- District: Dhaka District
- Division: Dhaka Division
- Electorate: 292,283 (2026)

Current constituency
- Created: 1973
- Party: Bangladesh Nationalist Party
- Member: Ishraque Hossain
- ← 178 Dhaka-5180 Dhaka-7 →

= Dhaka-6 =

Constituency of Bangladesh's Jatiya Sangsad

Dhaka-6 is a constituency represented in the Jatiya Sangsad (National Parliament) of Bangladesh since 2026 by Ishraque Hossain of the Bangladesh Nationalist Party.

== Boundaries ==
The constituency encompasses Dhaka South City Corporation wards 34 and 37 through 46.

== History ==
The constituency was created for the first general elections in newly independent Bangladesh, held in 1973.
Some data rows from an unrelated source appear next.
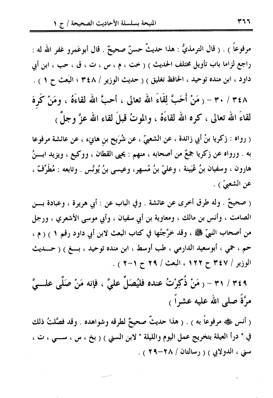 348/ 30 - (مَنْ أَحَبَّ لِقَاءَ الله تعالى، أحبَّ الله لقاءَهُ، ومَنْ كَرِهَ لقاءَ الله تعالى، كره الله لقاءَهُ، والموتُ قبلَ لقاء الله عزَّ وجلَّ).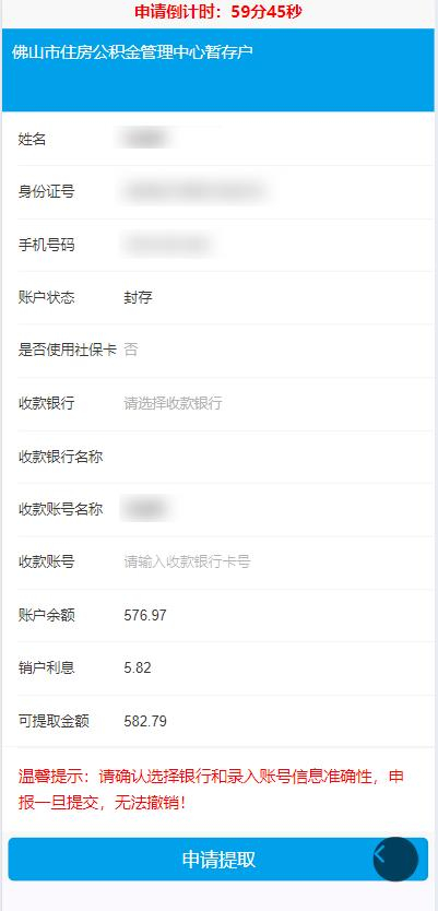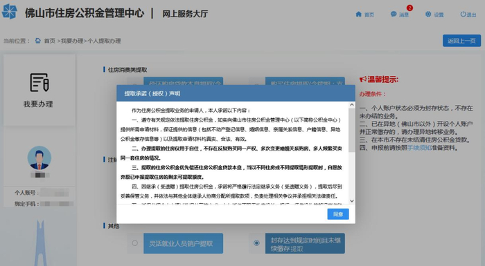 1.登录佛山市住房公积金管理中心网站(https://fsgjj.foshan.gov.cn/),在首页通过我要办理进入到办理模块,点击个人提取办理进入提取类型选择页面,点击封存达到规定时间且未继续缴存提取,点击下一步进入提取承诺(授权)声明对话框,仔细阅读《提取承诺(授权)声明》,点击同意后进入申报页面,如下图。(注:选择提取类型后请仔细阅读温馨提示,不满足提取条件的职工无法办理提取)。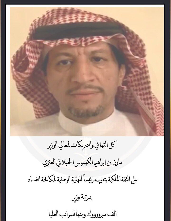 Sulaiman Eid Al Enezi Pa Twitter تــــهنئـه الف مبروك لابن العم الاستاذ مازن بن إبراهيم الكهموس العنزي تعينه رئيسا علي مرتبه وزير للهيئه الوطنيه لمكافحة الفساد الله يعينه علي حمل الأمـــــانة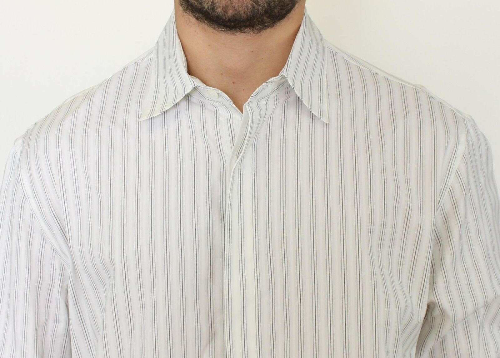 Absolut umwerfend, 100 % authentisch, brandneu mit Etikett, weiß-schwarz gestreiftes Freizeithemd aus Baumwolle von ERMANNO SCERVINO.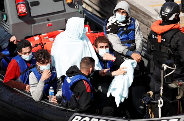 Migrants rescued from the English Channel by UK Border Force arrive at the harbour in Dover, Britain, Sept. 13, 2021.PETER NICHOLLS/Reuters

Ahead of the 2008 general election, the Bangladesh Election Commission redrew constituency boundaries to reflect population changes revealed by the 2001 Bangladesh census. The 2008 redistricting added 7 new seats to the Dhaka metropolitan area, increasing the number of constituencies in the capital from 8 to 15, and reducing the extent of the constituency.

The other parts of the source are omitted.